I am that obnoxious person who just got back from vacation all tan, well rested, well read, and totally relaxed. Everyone in the office is running around worried about deadlines and I am just staring out the window smiling at the sun. I looked at a few people yesterday and had to stop and think real hard to remember their names. I think I left my head on the beach.
This lemon mousse transports me back to my lazy days spent relaxing in the suns warm glow. The whipped cream is like diving into the refreshing pool water after lounging for hours in the steaming midday heat. And the perfect sweetness of it all reminds you that dessert just like a vacation is sure to elevate your happiness.
Lemon mousse starts with a basic lemon curd, which I must add is delicious to make and wedge between layers of soft white cake like I did in this cake. But it becomes a fluffy mouse when you add the pillows of whipped cream and mix it together to get a smooth, sweet and tart treat.
The nice thing about a dessert like this is that you can make it in advance if you are having a party. Then serve it in super fancy glasses, yes break out the crystal and cut glass for this mousse! And top each serving with a dollop of whipped cream and your guests will feel like they are dining in a castle or perhaps even better, a five star beachfront restaurant.
As the days start to get hotter and you desire to be outside more than next to the hot oven this is a perfect easy, sweet, no bake dessert that will make you feel fancy, transport you to the beach, and bring a smile to your face as the sweet tartness hits your tongue.
When life gives you lemons, remember to make Lemon Mousse!
(Yield: about 4-6 servings)
1/2 Cup Butter (unsalted), softened
1 Cup Sugar
2 Large Eggs
2 Large Egg Yolks
1/3 Cup Fresh Lemon Juice
1 Tablespoon Lemon Zest, plus a little extra
3/4 Cup Whipping Cream
1/2 Teaspoon Vanilla Extract
In stand mixer beat the butter and sugar. With the mixer on low begin adding the eggs and yolks one at a time (make sure you separate the egg yolks in a separate bowl first so you don’t end up with extra whites!). With mixer still on low, pour in lemon juice and zest. It will make the mixture look curdled. (Spread you extra zest on a paper towel to dry and you can then use it to sprinkle on top the whipped cream at the end.)
Pour the curd into a medium saucepan and cook over medium heat whisking occasionally until it no longer looks curdled.
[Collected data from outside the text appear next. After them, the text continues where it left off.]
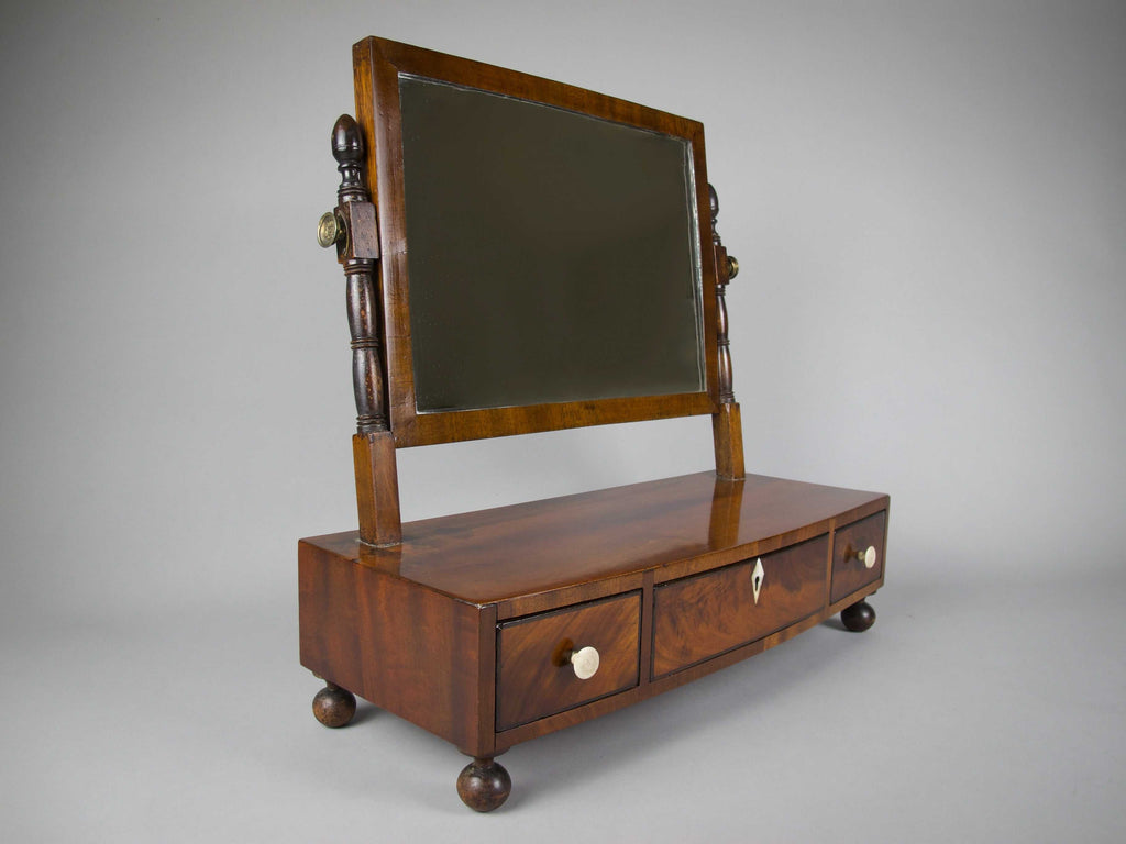 A very attractive 19th century Victorian mahogany table swing mirror boasting three drawers, a diamond key escutcheon and orb feet.
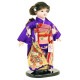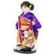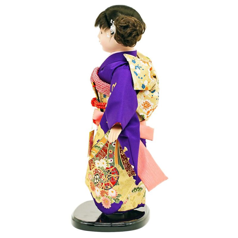 艶やかな紫地に豪華な花柄があしらわれた、上質衣装をまとった市松人形です。
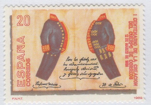 Francobollo Spagna Anno 1989 Centenario della creazione del Cordo postale (cat. n. 2614)
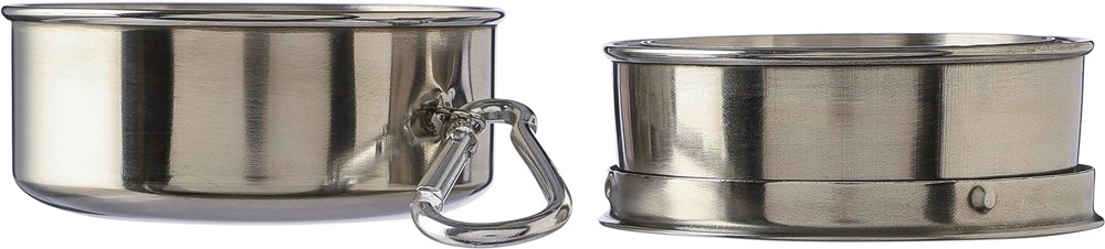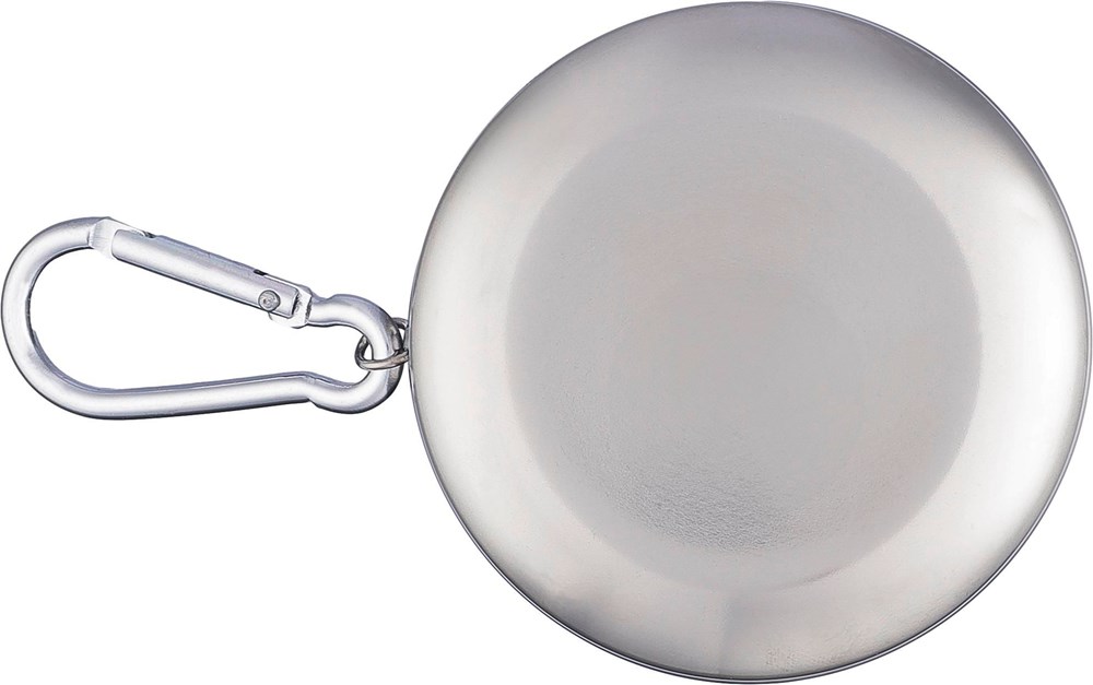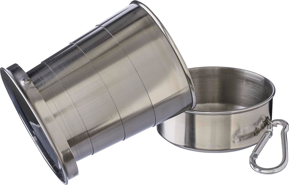 Stainless steel foldable cup (220 ml) with a metal carabiner. Individually packaged in a brown cardboard box.
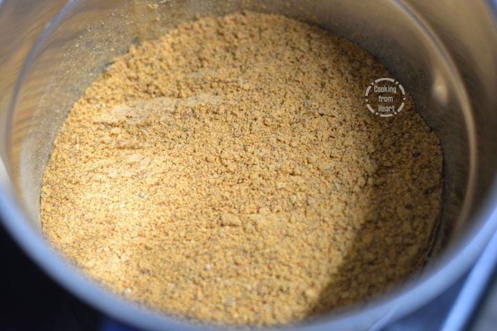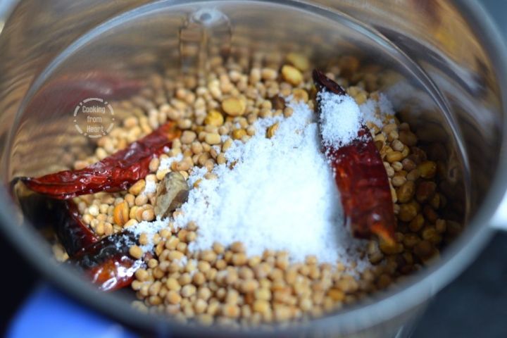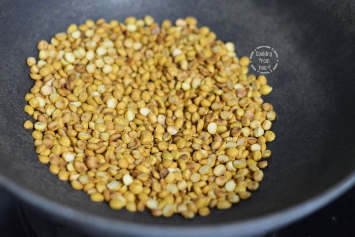 As different pulses/legumes take different times to get roasted and turn golden brown, it is essential to roast each of them individually. Do not be in a haste to roast them, slow roasting is key.
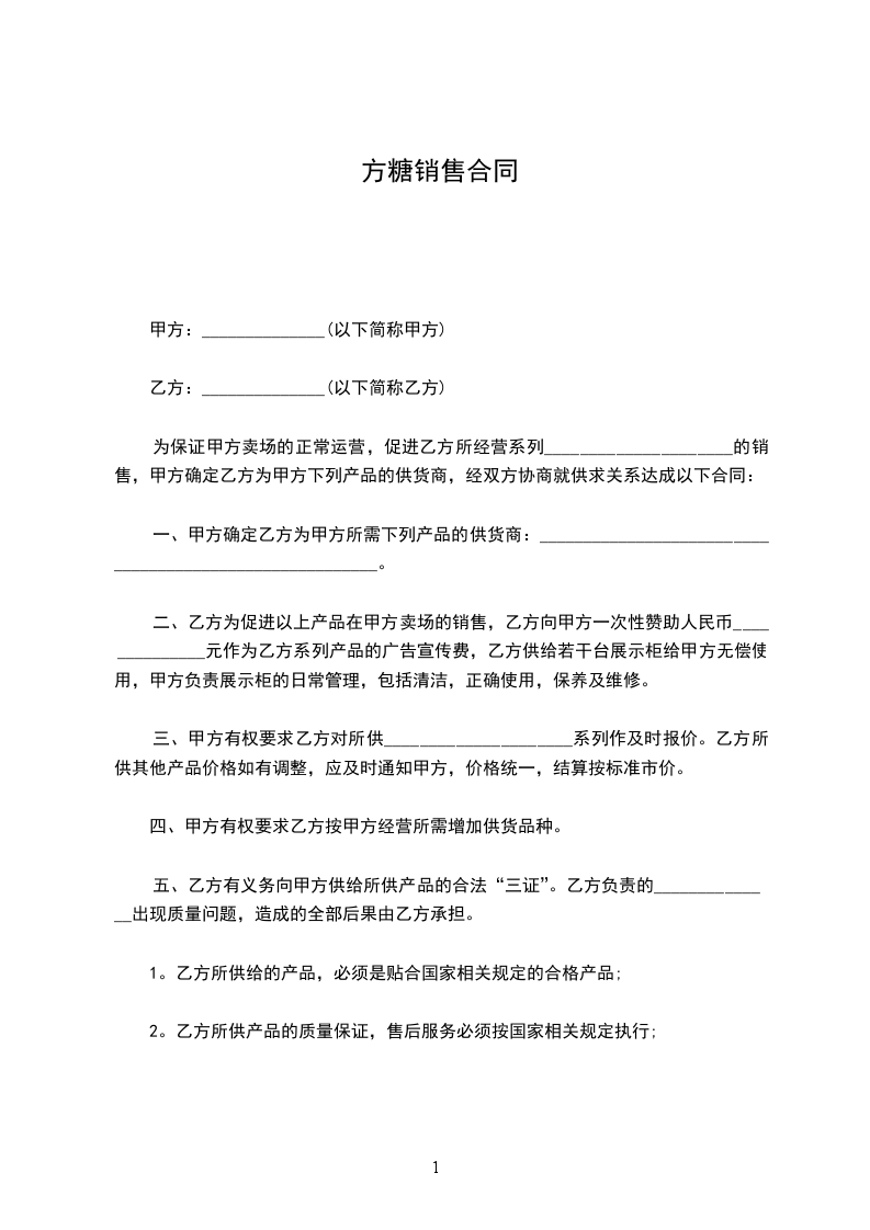 二、乙方为促进以上产品在甲方卖场的销售,乙方向甲方一次性赞助人民币______________元作为乙方系列产品的广告宣传费,乙方供给若干台展示柜给甲方无偿使用,甲方负责展示柜的日常管理,包括清洁,正确使用,保养及维修。

Turn the heat up to medium high, clip a candy thermometer to the side of the pan and continue to whisk until the mixture thickens and reaches 170 degrees.
Turn off the heat and let the mixture cool on the stove for a 5 minutes. Pour through a fine mesh sieve to remove clumps into a heatproof bowl and cover with plastic wrap, press wrap down so touching the surface to prevent a hard top layer from forming. Chill the curd for 2 hours or more.
In mixer whip cream and vanilla until stiff peaks form. Gently fold about 2/3 of the whipped cream into the lemon curd. Scoop into serving cups. Top each serving with the remaining whipped cream. Serve or refrigerate for up to 3 days.